In addition, D₃ receptors modify such molecular effects. These receptors are predominantly present in ventral striatal regions where they are partly coexpressed with D₁ receptors in striatonigral neurons (Le Moine and Bloch, 1996; Schwartz et al., 1998). Because they also exert opposite (inhibitory) effects on second messenger signaling (Zhang et al., 2004), D₃ receptors dampen gene induction by D₁ receptor stimulation (Carta et al., 2000; Zhang et al., 2004).

In summary, these findings demonstrate that (1) amphetamine- and cocaine-induced changes in gene regulation in the striatum occur preferentially (but not exclusively) in direct pathway (striatonigral) neurons (see also Lobo and Nestler, 2011), and (2) D₁ receptors (and their downstream signaling cascades; Caboche et al., 2010) are critical for these molecular changes.

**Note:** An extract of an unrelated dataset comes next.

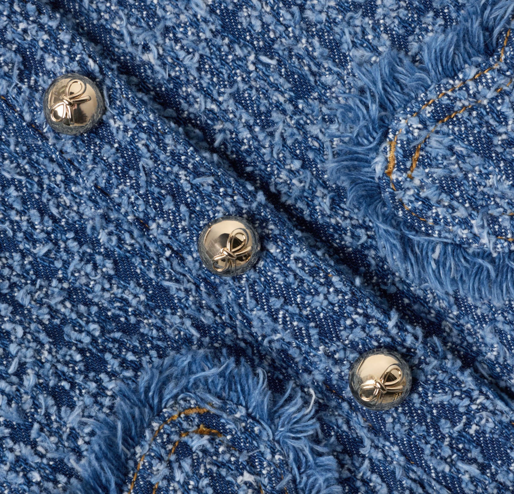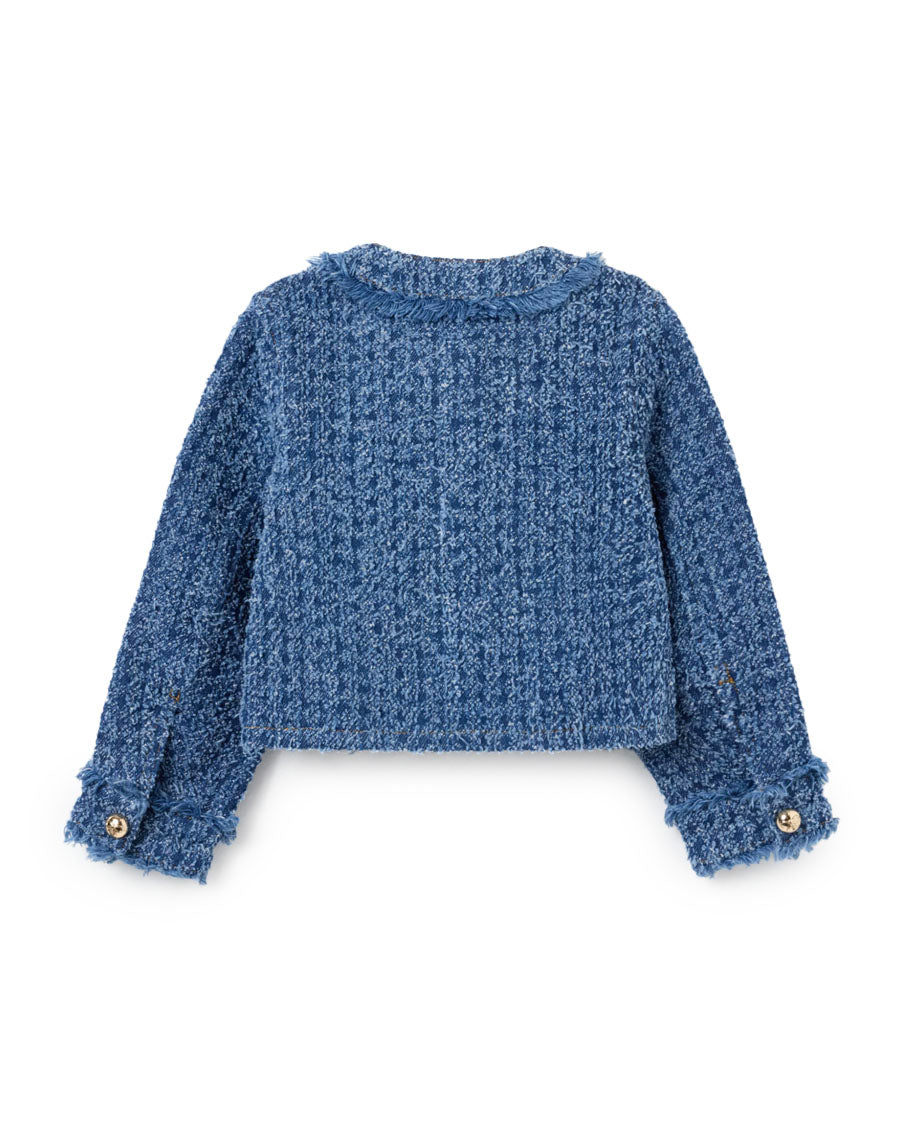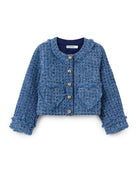 Crafted with care, this denim jacket features heart-shaped pockets with rich textured trim for an adorable touch. Bow-topped gold buttons add shining detail – ready for a stylish day out.

4. Gene regulation by oral Adderall

The above reviewed effects of amphetamine in animal studies were mostly obtained with intraperitoneal (i.p.) or subcutaneous (s.c.) administration of relatively high doses (~3–10 mg/kg). How relevant are these findings for therapeutic use of Adderall, which involves lower doses and predominantly oral administration?

Psychostimulant effects on gene regulation are dose-dependent. Higher doses produce greater increases in gene expression across a wide range of doses (e.g., Steiner and Gerfen, 1993; Wang and McGinty, 1995b, 1997; Brandon and Steiner, 2003; Chase et al., 2003; Chase et al., 2005a; Yano and Steiner, 2005b). [Occasionally, very high doses have been found to result in attenuated expression (Wang and McGinty, 1995b, 1997), similar to other neuronal effects (e.g., Hanson et al., 2002), possibly due to receptor inactivation (internalization) by the high dose or other mechanisms.]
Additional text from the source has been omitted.